CABE accepts ICT in school education policy - June 2012
Read the final version of the policy on ICTS in School Education
In January 2008, MHRD released a draft policy on ICTs in school education. This policy, created by a committee that included big businesses interested in the 'ICT in education' space was hugely problematic - in a way looking at education as a process of private sector training of public system teachers in its resources and models, creating labour force for the global economy. Many educationists were uncomfortable with both the process and substance of this and organised consultations on this policy, networked (the ict-education-india googlegroups was created for this) to build broad positions, submitted several policy advocacy letters as well as substantive comments on the policy, some of us met officials in MHRD and other institutions to explain how ICTs in education required a deep understanding of education, rather than of just technology. In November 2008, the MHRD minister cancelled the privatised policy making process (http://www.indianexpress.com/news/ministerial-panel-to-draft-hrds-ict-policy-for-schools/401222/). The policy itself had three more drafts over the next 3 years - the second policy draft included many of our suggestions - education perspectives, focus on teacher education, support constructivist approaches to integrating ICTs in education, systemic integration rather than just hardware and software procurement, resource rich environment, FOSS etc, and was quite different from the first one. The fourth and final version, which further refines the second draft is available here.
The issue of 'vendor driven ICT policy/program' was also raised by Vinod Raina in the CABE. He was part of a CABE sub committee which looked into this and their report provides several ideas on the role ICTs should play in education.
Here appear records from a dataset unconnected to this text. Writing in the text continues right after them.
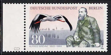 BERLIN 1984 Michel-Nummer 722 postfrisch EINZELMARKE RAND links (b) - Alfred Edmund Brehm, Zoologe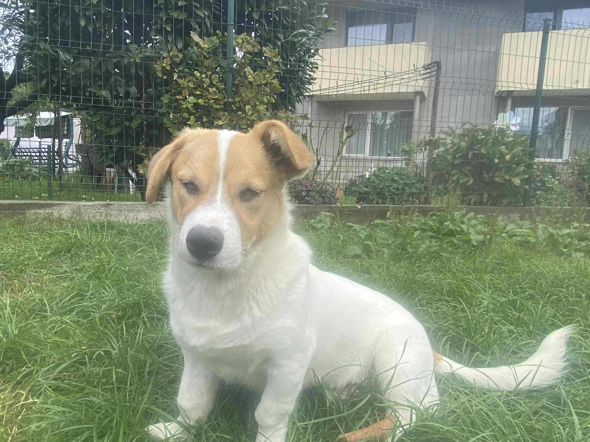 Herzblatt ist ein besonders hübscher Welpe. Er hat kurzes, weiches, weißes Fell mit hellbraunen Abzeichen, treue braune Augen und lustige Schlappohren. Voraussichtlich wird er zu einem eher kleineren Hund heranwachsen. Aktuell ist er ca. 6 Monate alt.
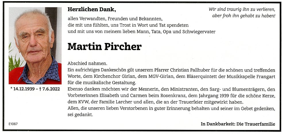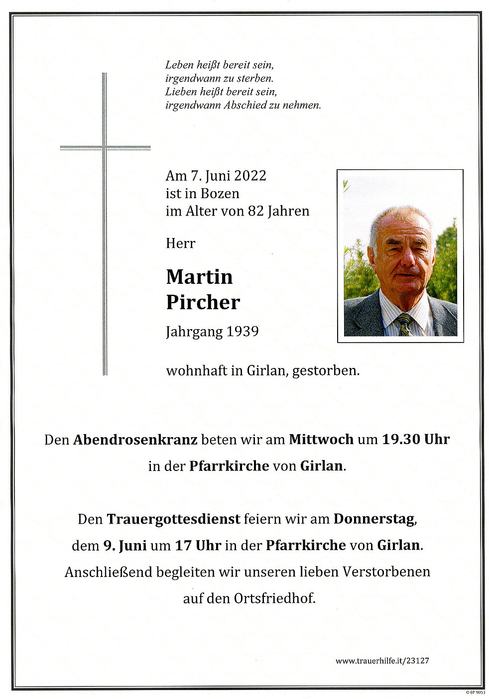 Den Trauergottesdienst feiern wir am Donnerstag, dem 9. Juni um 17 Uhr in der Pfarrkirche von Girlan. Anschließend begleiten wir unseren lieben Verstorbenen auf den Ortsfriedhof.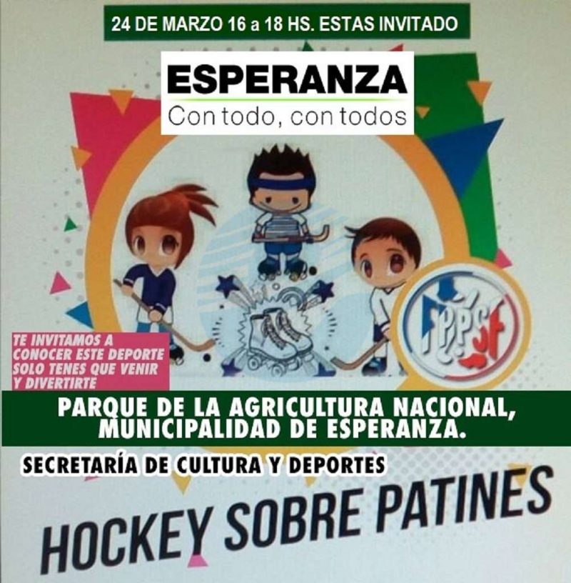 La Municipalidad de Esperanza a través de la Secretaría de Cultura y Deportes informa que, el próximo domingo -24 de marzo- a partir de las 16 y hasta las 18 horas, se llevará a cabo un muestreo de hockey obre patines en la cancha de básquet del Parque de la Agricultura.[{adj:240353 alignright}]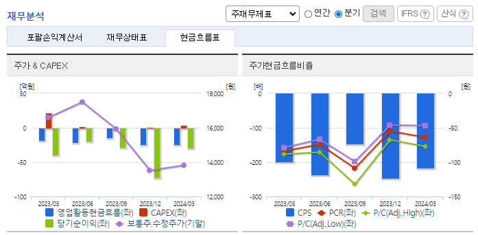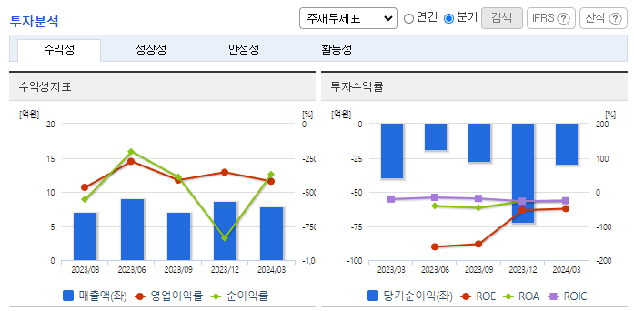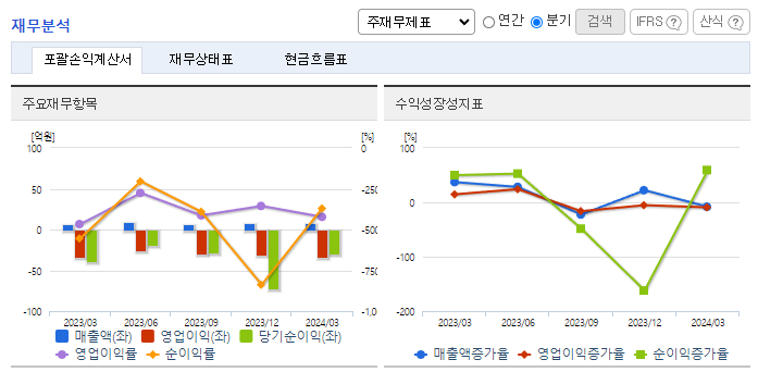 -2024년 3월 전년동기 대비 연결기준 매출액은 12% 증가, 영업손실은 1.3% 증가, 당기순손실은 25.3% 감소. CTC 기반 Liquid Biopsy 기술이 확대되면서 새로운 암진단 및 암케어를 위한 실수요자가 많이 발생될 것으로 예상. 미국과 일본에서 대학 병원과 UCLA, USC, NCCHE 등 유명 병원들을 대상으로 적극적으로 마케팅 활동을 진행 중이며, 최근 미국에서 CTC기술 세미나를 개최함.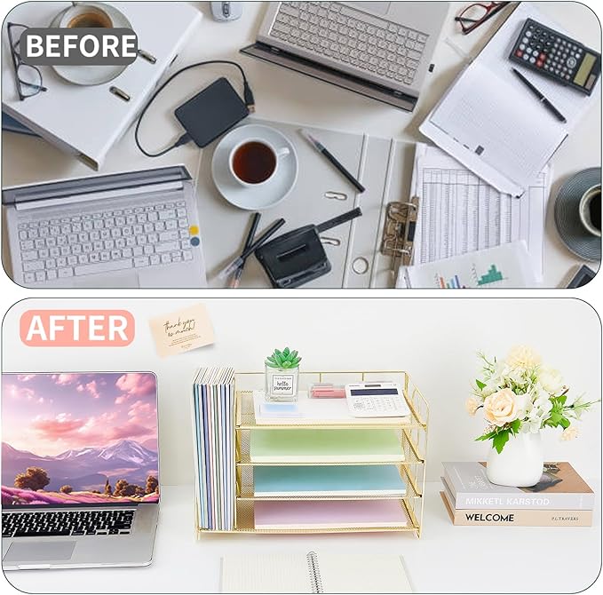 - 【Heavy-Duty & Stable】Crafted from premium metal with reinforced construction, this file organizer supports up to 40 lbs without bending. Non-slip rubber feet keep it firmly in place while protecting your desktop from scratches.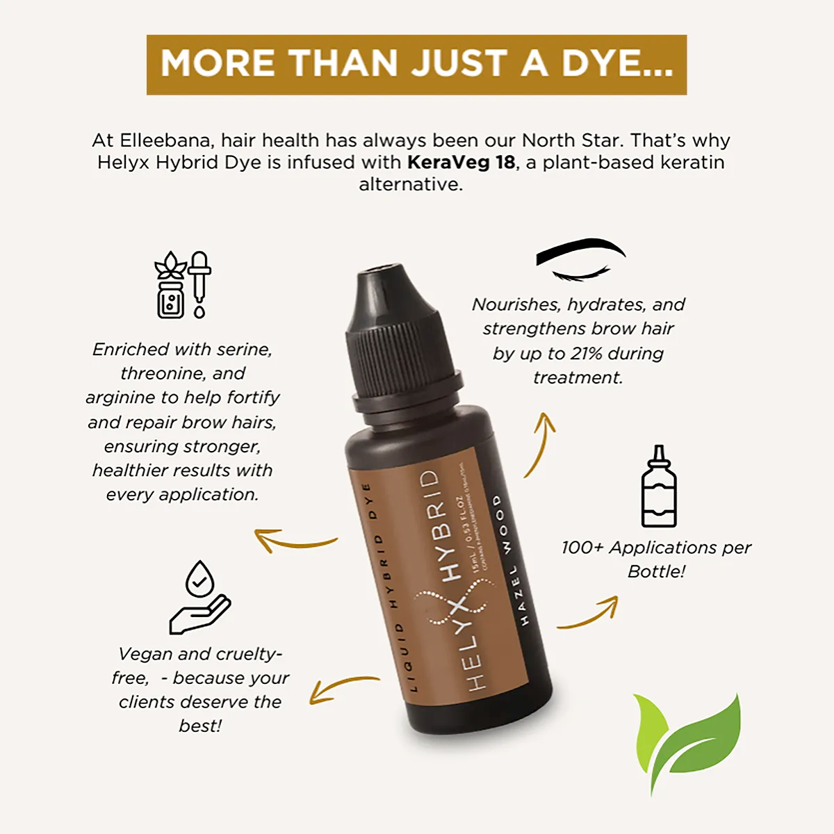 Helyx Hybrid Dye offers a brilliant alternative to tinting and since brow hair health has always been our North Star – we’ve included in our Helyx Hybrid dyes, Kera Veg 18, a plant-based keratin alternative that nourishes, hydrates, and strengthens brow hair by up to 21% during a Helyx Hybrid dye treatment. This unique formula of serene, threonine and arginine are ideal for strengthening brow hairs and restoration post chemical services.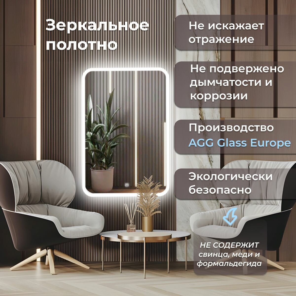 Зеркало настенное Иллюзия с фоновой LED-подсветкой, фронтальной подсветкой и сенсорным выключателем для ванной 60х80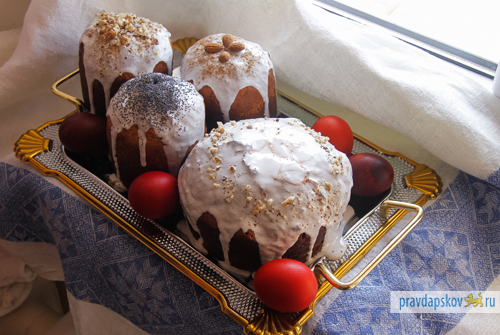 Верх готового кулича покройте сахарной глазурью. Для этого взбейте 1 яичный белок с 200 г сахарной пудры, добавьте несколько капель лимонного сока. Вылейте глазурь на полностью остывший кулич, посыпьте орешками, шоколадными или цветными шариками и оставьте для застывания.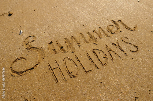 Fototapeta premium SUMMER HOLIDAYS hand lettered in sand on beach with shells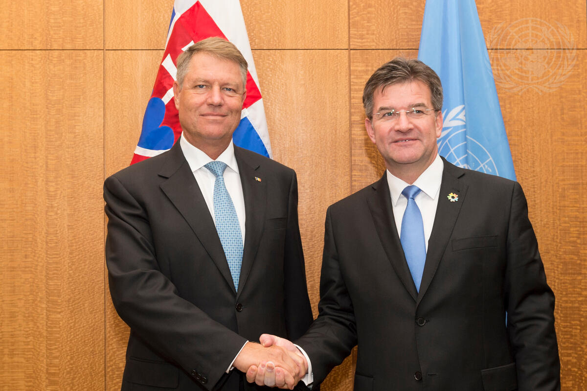 Miroslav Lajcák (right), President of the seventy-second session of the General Assembly, meets with Klaus Iohannis, President of Romania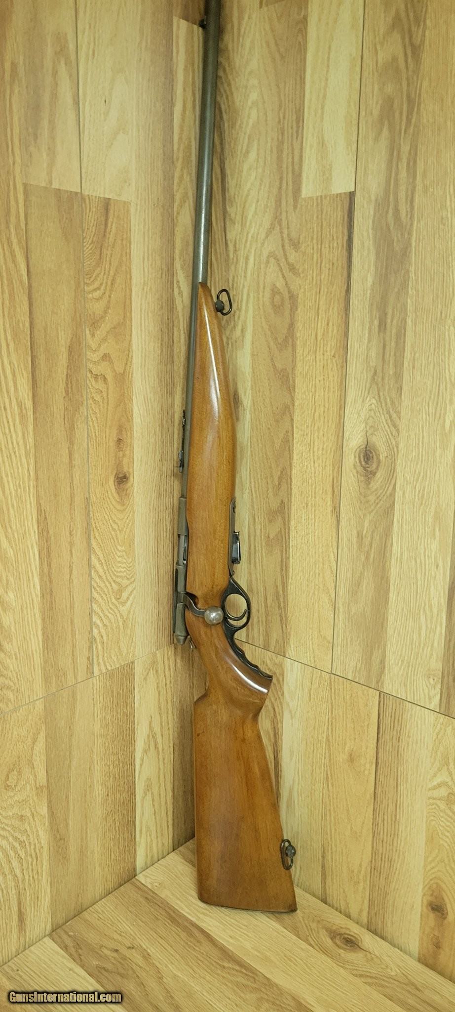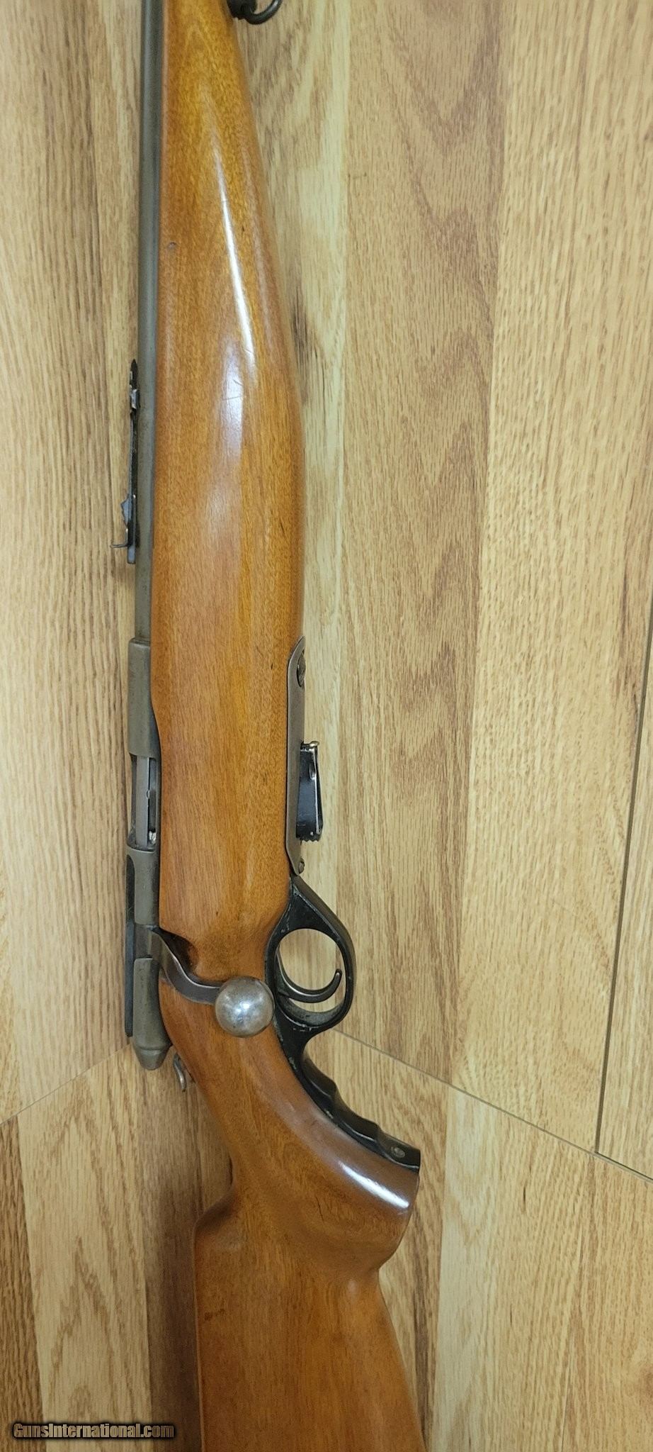 Description: Guns Listing ID: 583645 The Mossberg 42M is a .22 caliber, bolt-action training rifle made in the United States, often marked \"United States Property\" and supplied to Britain during World War II for training purposes. It has a 23-inch barrel, a 7-round magazine, and a compartment in the buttstock for a spare magazine. Key features include its ability to fire .22 Short, Long, and Long Rifle cartridges, and it was equipped with adjustable peep sights for accuracy. No serial number. Pre 1947. MSS Manufacturer: MOSSBERG Model: 42M Caliber Info: .22 LR Condition: Used - Non-Certified Barrels: 23" BARREL Action: BOLT ACTION Finish: 2-tone Price: $220.99 Contact Seller |
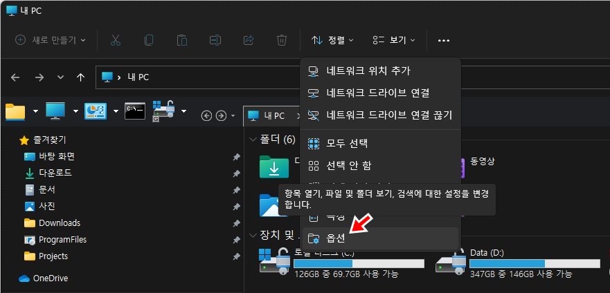 윈도우 탐색기에서 상단 메뉴에서 점세개 버튼을 누른후 옵션을 누릅니다.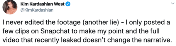 Η Κιμ Καρντάσιαν δεν έχει σχολιάσει ακόμη τις δηλώσεις της, αλλά το 2020 είχε αναφέρει ότι «κανείς δεν αρνήθηκε ποτέ ότι η λέξη "bitch" χρησιμοποιήθηκε χωρίς την άδειά της. Ποτέ δεν επεξεργάστηκα το υλικό, άλλο ένα ψέμα, δημοσίευσα μόνο μερικά αποσπάσματα στο Snapchat για να πω την άποψή μου».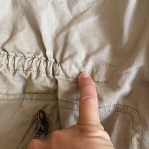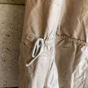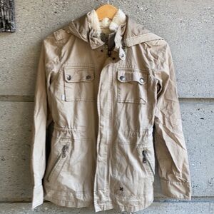 Very gently worn and very clean utility jacket with faux fur (soft mink blanket style/jersey) removable vest inside. Vest has soft gray jersey on one side and super soft cream faux fur on the other side. I am fairly certain this is a size small in Hurley because I bought it in my more petite days but I can’t find a size tag on it so please refer to the measurements below and don’t hesitate to ask if you need others. Condition notes- very clean and lightly worn but please see picture #6 (pointing at a subtle mark on the inside white vest & picture #13 a 1.5” of stitching missing on the drawstring part. Lay flat measurements: Pit to pit 18” Length down front zipper- 27” Waist- 17” Hips 20” Sleeve from shoulder seam to cuff 25” Feel free to send questions before purchasing. Happy to help.

Both the final ICT policy in school education and the CABE committee report were unanimously adopted at the last CABE meeting on June 6 2012 and these documents can guide the design and implementation of ICT programs in school education, whose budgets will only increase exponentially over time... (UP budget presented this month earmarks 2200+crores for laptops/tablets for students. Hopefully this will support some of the ideas in the policy rather than just continue the failed PPP/BOOT models)
In 2008, the Ministry of Human Resource Development (MHRD) published a policy draft on 'ICTs in School Education'. IT for Change (ITfC) actively campaigned to challenge the draft policy, advocating for a greater participation of educationalists in the policy design promoting thereby a constructivist ICT at schools model for both teachers and students.